WHAT IS EXPECTED: From the material below, copy exactly the lines beginning with the one that contains "c、風機的進風口語管道連接時" and ending with the one that contains "Before truly watertight"; the pictures stay out.

EXERCISE MATERIALS:

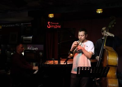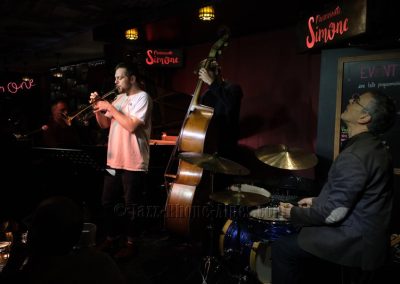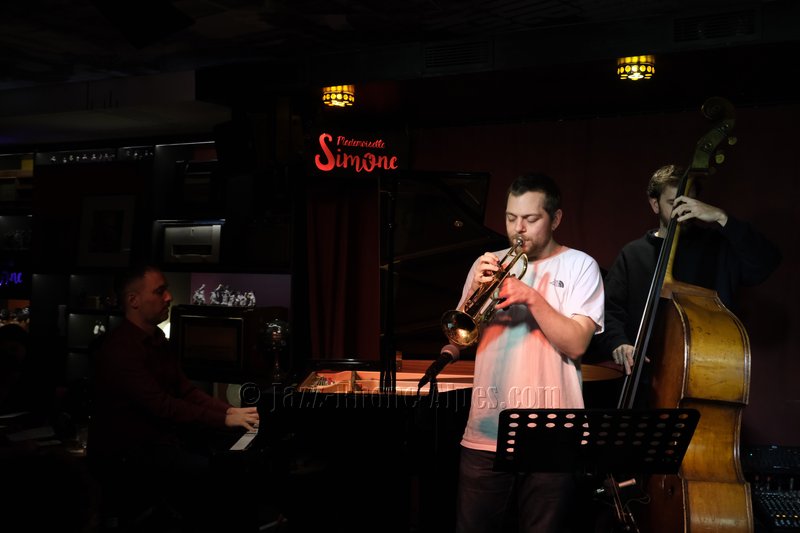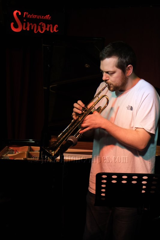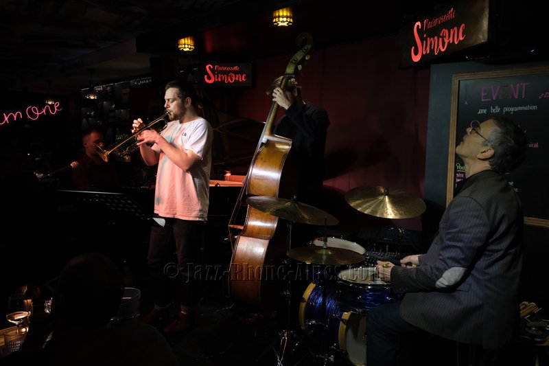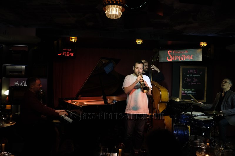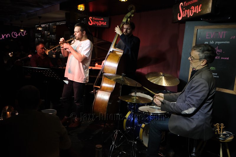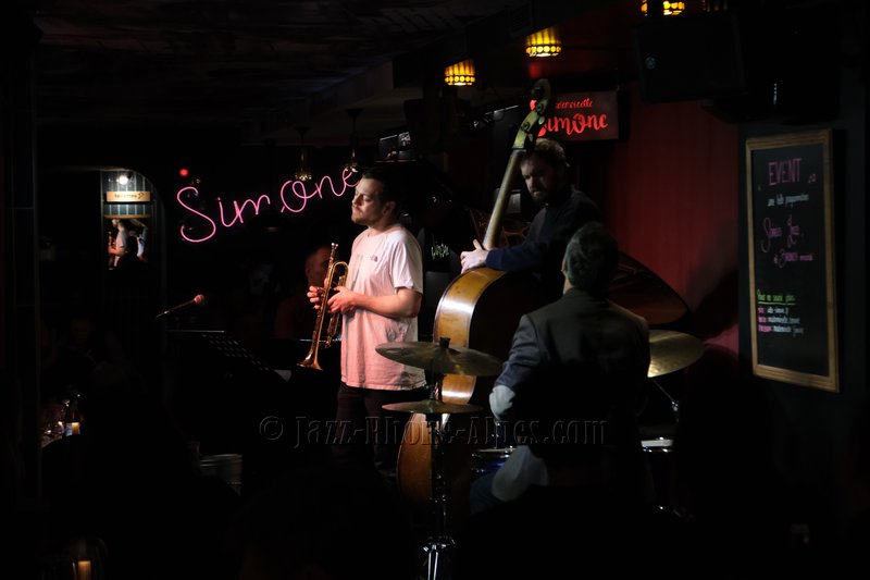 Le trio solide fait plus qu’accompagner le trompettiste qui prend une bonne partie de la lumière.
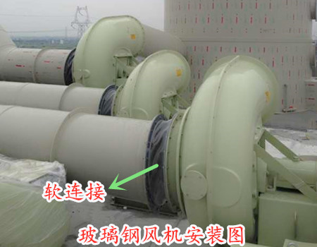 c、風機的進風口語管道連接時,建議在進風口與管道之間增加一個軟連接(上圖)。這樣可以避免以管道位置改變對風機造成的壓力,而且更便于風機的檢修與維護工作。
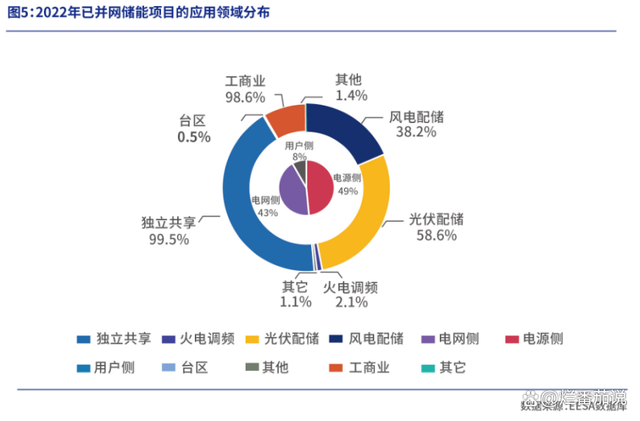 以此来计算,风光配储项目占2022年已并网储能项目的比例高达47.4%,规模比例排第一位。
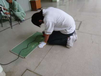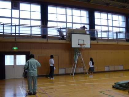 作品展で絵画作品を展示するための、ワイヤーロープはり。それから掲示板の修理作業など。本当によく働いてくれました。
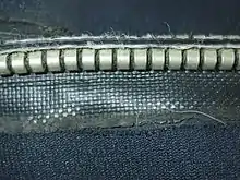 Before truly watertight zippers were invented, other methods of keeping the suit waterproof at the entry point were used, with the most common being a long rubber tunnel entry on the chest or the back, which would be folded shut, then rolled together from the sides and finally folded and clamped with a metal clip or tied with surgical rubber tubing. Sometimes the entry tunnel protruded through a non-watertight zipper, which would be closed over it to hold the roll in place in the pocket so formed.[1]: 14
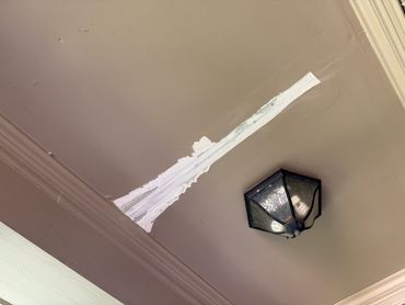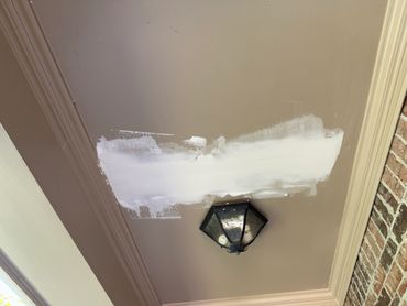 Brian and Allison are new clients of our in Arrington, TN that I had recently replaced an exterior door for, and completed a ceiling repair for them as well. They called me back out to do a ceiling repair over their front porch, and match their existing paint. First I used a PVA primer before painting after I sanded the final top coat of joint compound.
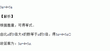 列等式表示:比a的3倍大4的数等于a的5倍,得 ________ .
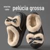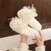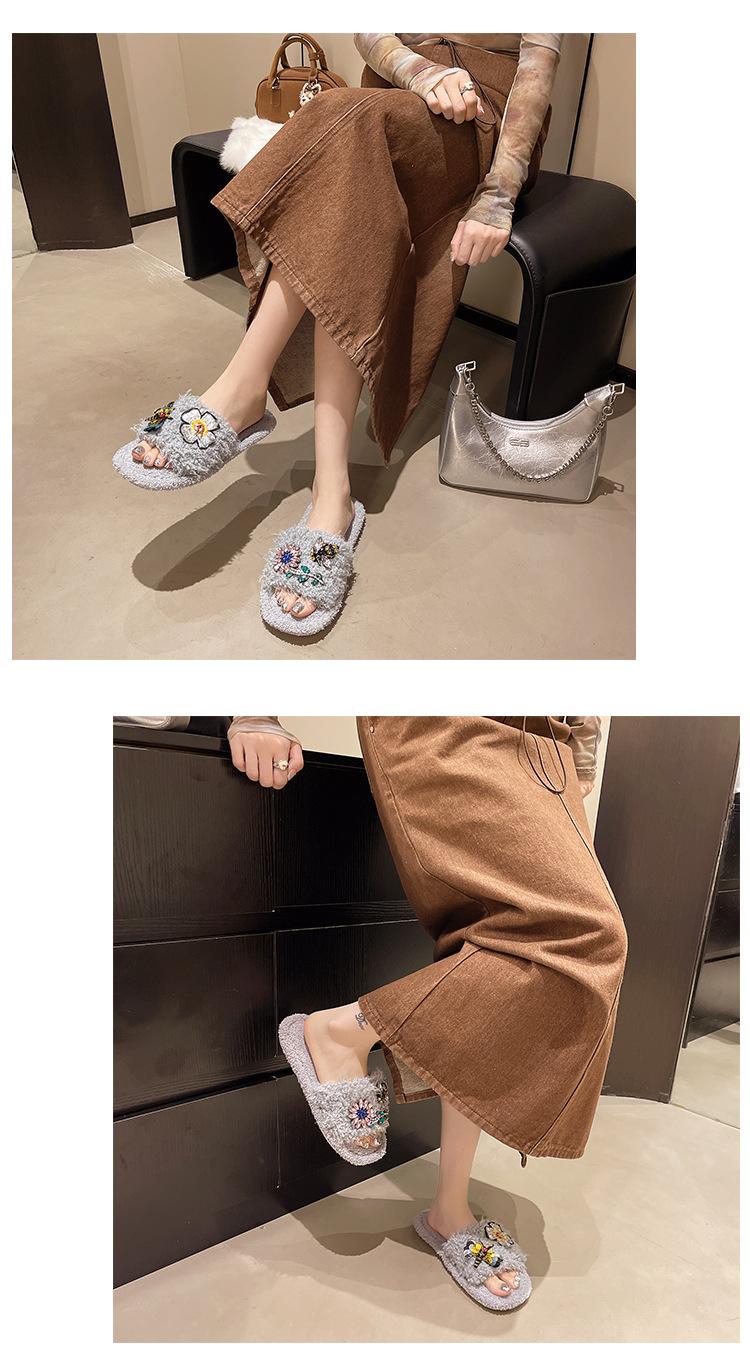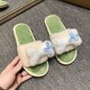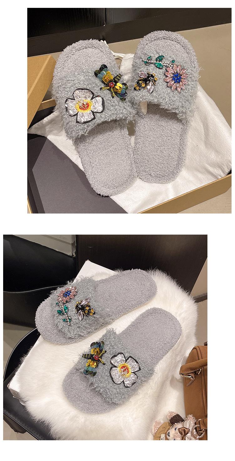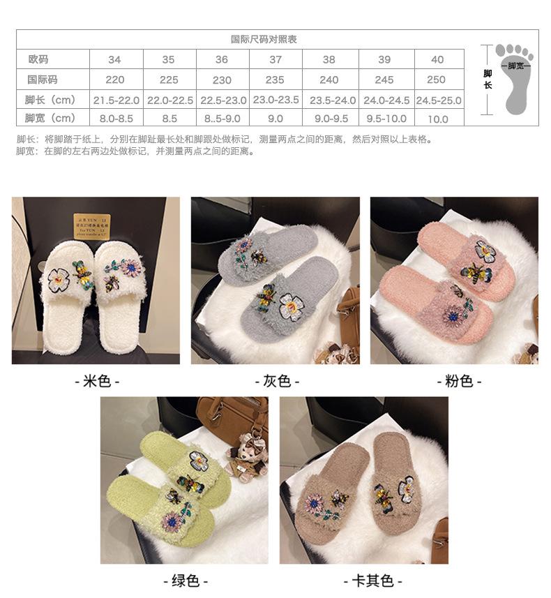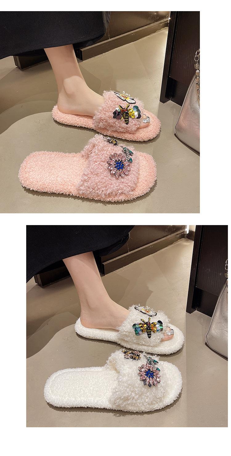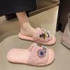 Chinelo Peludo de Inverno Feminino Estilo Coreano Strass Abelha Flor Chinelo de Casa Preguiçoso Sola Macia Chinelos de Dedo Inverno Exterior Antiderrapante Algodão
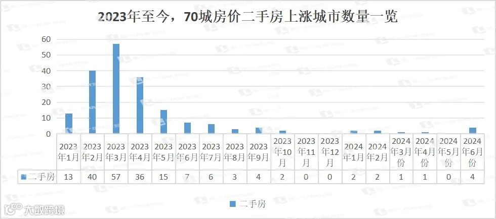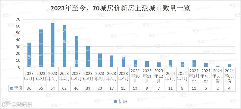 今年6月份,新房4城环比上涨,64城环比下跌;相比上个月的2城环比上涨,68城环比下跌,情况略微有所好转。
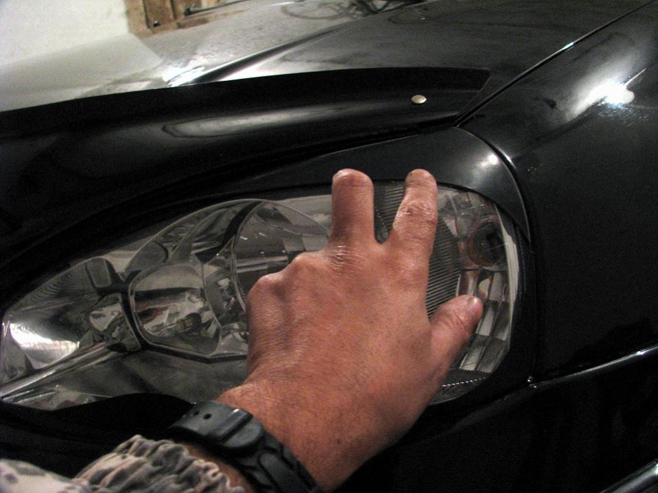 Т.к. фара имеет скругление по боковому краю, неплохо бы было, если бы накладка также имела подобное скругление, тогда вырезанные из нее сегменты имели бы лучшее прилегание (не было бы щелей между ресничками и крылом).
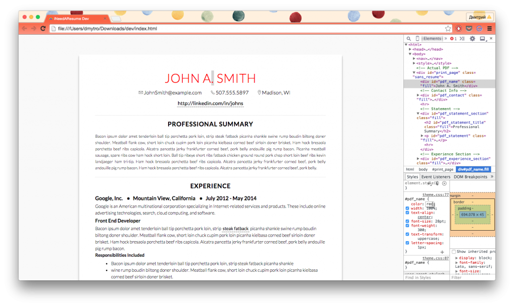 По умолчанию вам предлагается стандартная тема, выбрать можно только один из двух шрифтов, наличие разделительных линий и размер отступов. Если же хочется большего разнообразия, разработчик Ineedaresu.me предусмотрели возможность расширенного редактирования через правку CSS-файла базовой HTML-страницы резюме. Это можно сделать в Chrome или любом редакторе кода. Информация правится через файл tests.js. В целом внести базовые изменения в ваше резюме таким образом достаточно просто.

FINAL ANSWER:
 c、風機的進風口語管道連接時,建議在進風口與管道之間增加一個軟連接(上圖)。這樣可以避免以管道位置改變對風機造成的壓力,而且更便于風機的檢修與維護工作。
 以此来计算,风光配储项目占2022年已并网储能项目的比例高达47.4%,规模比例排第一位。
 作品展で絵画作品を展示するための、ワイヤーロープはり。それから掲示板の修理作業など。本当によく働いてくれました。
 Before truly watertight zippers were invented, other methods of keeping the suit waterproof at the entry point were used, with the most common being a long rubber tunnel entry on the chest or the back, which would be folded shut, then rolled together from the sides and finally folded and clamped with a metal clip or tied with surgical rubber tubing. Sometimes the entry tunnel protruded through a non-watertight zipper, which would be closed over it to hold the roll in place in the pocket so formed.[1]: 14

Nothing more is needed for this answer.